▶ [Data for the task]

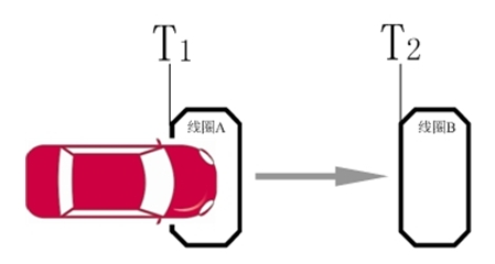 為在高清智能卡口管理系統中,在每條需要監測的車道上沿行車方向埋設兩個線圈,線圈之間的間距是固定的,對于經過的車輛,可以取得四個時刻,分別是車輛進入兩個線圈和離開兩個線圈的時刻。計算車輛通過兩線圈所需的時間,配合兩線圈的間距,即可求得平均車速,如圖所示。
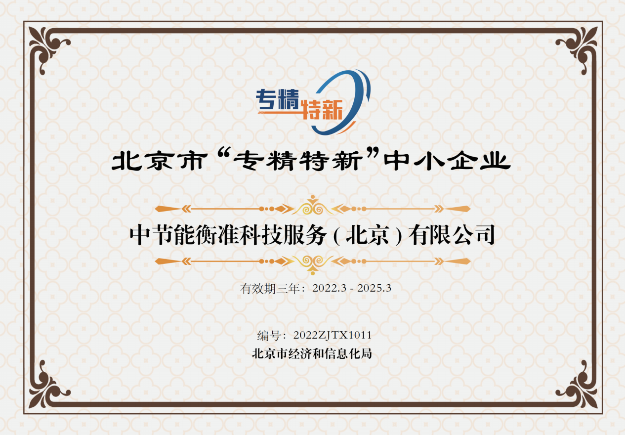 研究中心所屬衡準(zhǔn)公司取得北京市“專精特新”中小企業(yè)證書 |
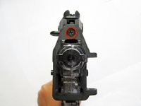 Using a Phillips #1 screwdriver, remove the two 8mm screws above the hand guard on both sides of the gun.
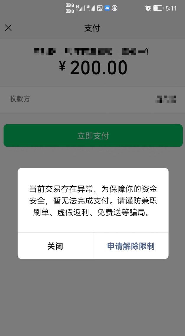 当前交易异常,为保障你的资金安全,暂无法完成支付。请谨防兼职刷单、虚假返利、二手交易、免费送等骗局。
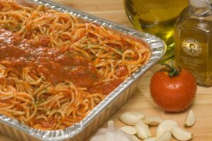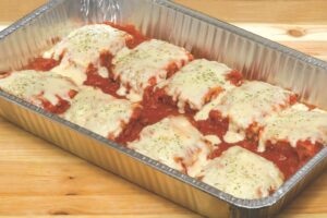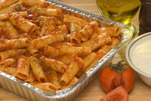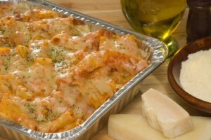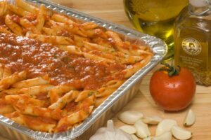 Rigatoni oven baked in a plum tomato sauce & topped with mild cheese. Serves 7-8
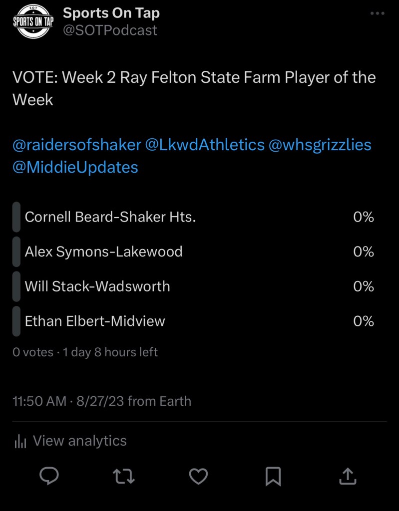 Polls are now open on X so make sure you vote on the Week 2 Ray Felton State Farm Player of the Week.

▶ [Assigned task] Would you give the entries above again verbatim, omitting the images they contain?

▶ [Answer for this exercise]
 為在高清智能卡口管理系統中,在每條需要監測的車道上沿行車方向埋設兩個線圈,線圈之間的間距是固定的,對于經過的車輛,可以取得四個時刻,分別是車輛進入兩個線圈和離開兩個線圈的時刻。計算車輛通過兩線圈所需的時間,配合兩線圈的間距,即可求得平均車速,如圖所示。
 研究中心所屬衡準(zhǔn)公司取得北京市“專精特新”中小企業(yè)證書 |
 Using a Phillips #1 screwdriver, remove the two 8mm screws above the hand guard on both sides of the gun.
 当前交易异常,为保障你的资金安全,暂无法完成支付。请谨防兼职刷单、虚假返利、二手交易、免费送等骗局。
 Rigatoni oven baked in a plum tomato sauce & topped with mild cheese. Serves 7-8
 Polls are now open on X so make sure you vote on the Week 2 Ray Felton State Farm Player of the Week.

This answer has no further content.